The Australian government has overestimated the amount of wage subsidies by $ 60 billion, which will reduce the projected budget deficit to 70 billion in 2019-20. NAB Bank expects that after September (the official date for the end of subsidies) the government will be able to extend the subsidy program, which increases consumer demand and inflation expectations will also contribute to increased investment.
The estimated price has turned up, despite the fact that on the CME, the net short position in Aussie has grown by more than 11% per week. Deep support for the demand for risk has not yet formed, despite a bullish momentum.
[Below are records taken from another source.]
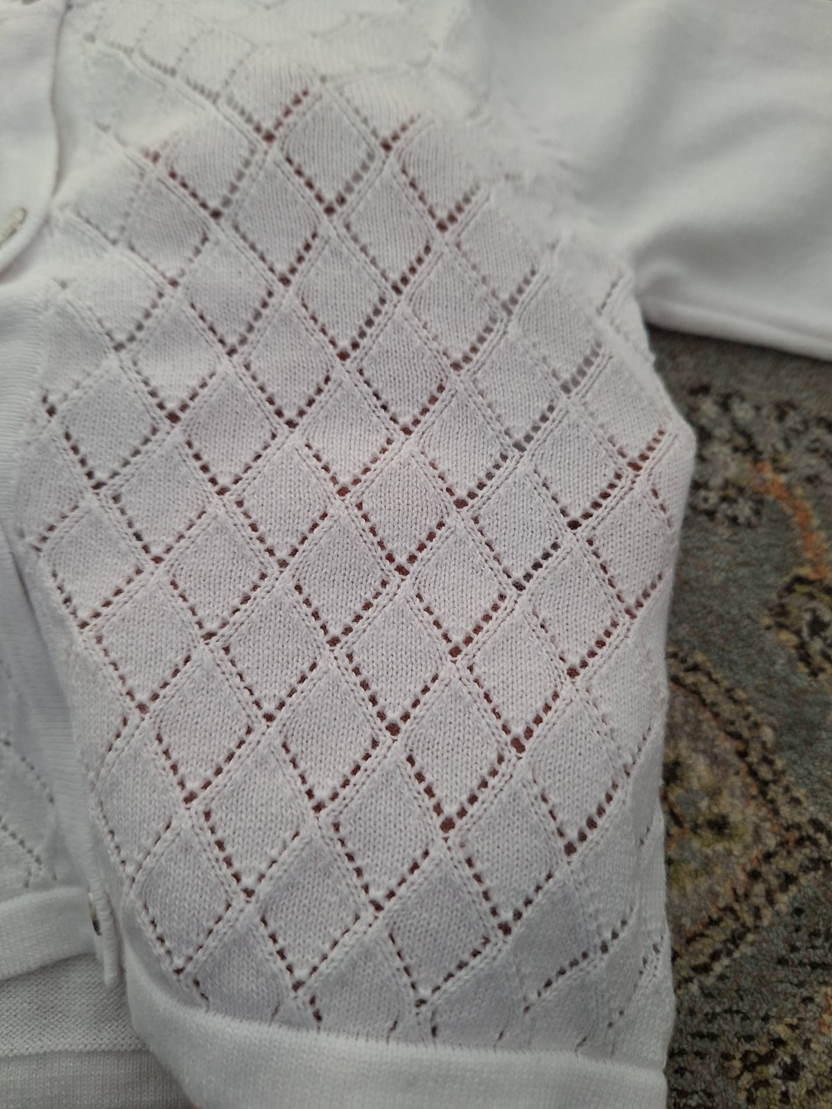 Jarný/letný kardigán, 2-3x oblečený, ako nový. Bez poškodení. Krásny dierkovaný vzor, z bavlny.
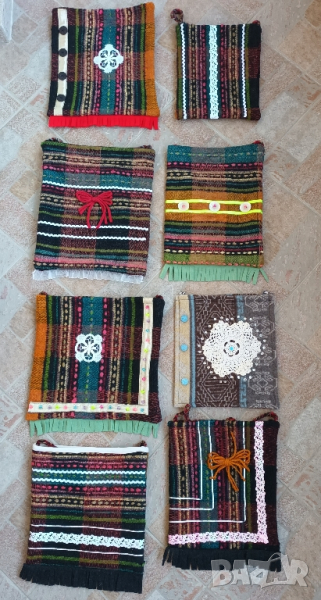 Торби за народна носия и всякакъв повод за декорация на механи и д-р. идеи. Нови. Изработени от оригинални вълнени платове с пришити орнаменти по тях цена 35 лв.
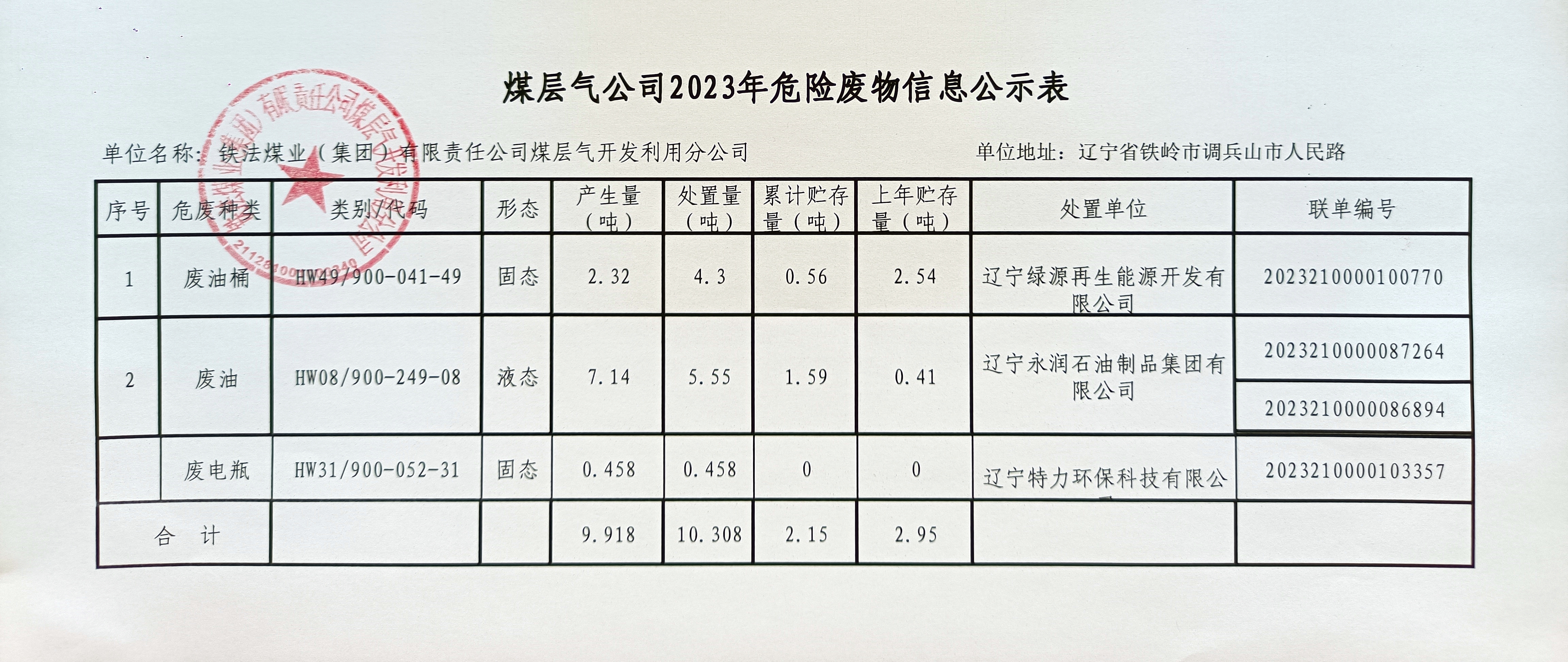 煤層氣公司2023年度固體廢物污染環(huán)境防治信息

On Thursday, the head of the RBA Low is expected to give a speech on the senate. The said speech can either strengthen the momentum of the Aussie or weaken it. In any case, we should not forget that for the time being CME speculators are confidently holding a short position, that is, AUD/USD can turn down at any moment when the external positive is gone. We should wait for testing at 0.6684, a purchase is possible in the expectation of a successful break with a short stop, since fundamentally risky assets are clearly not yet ready for purchases.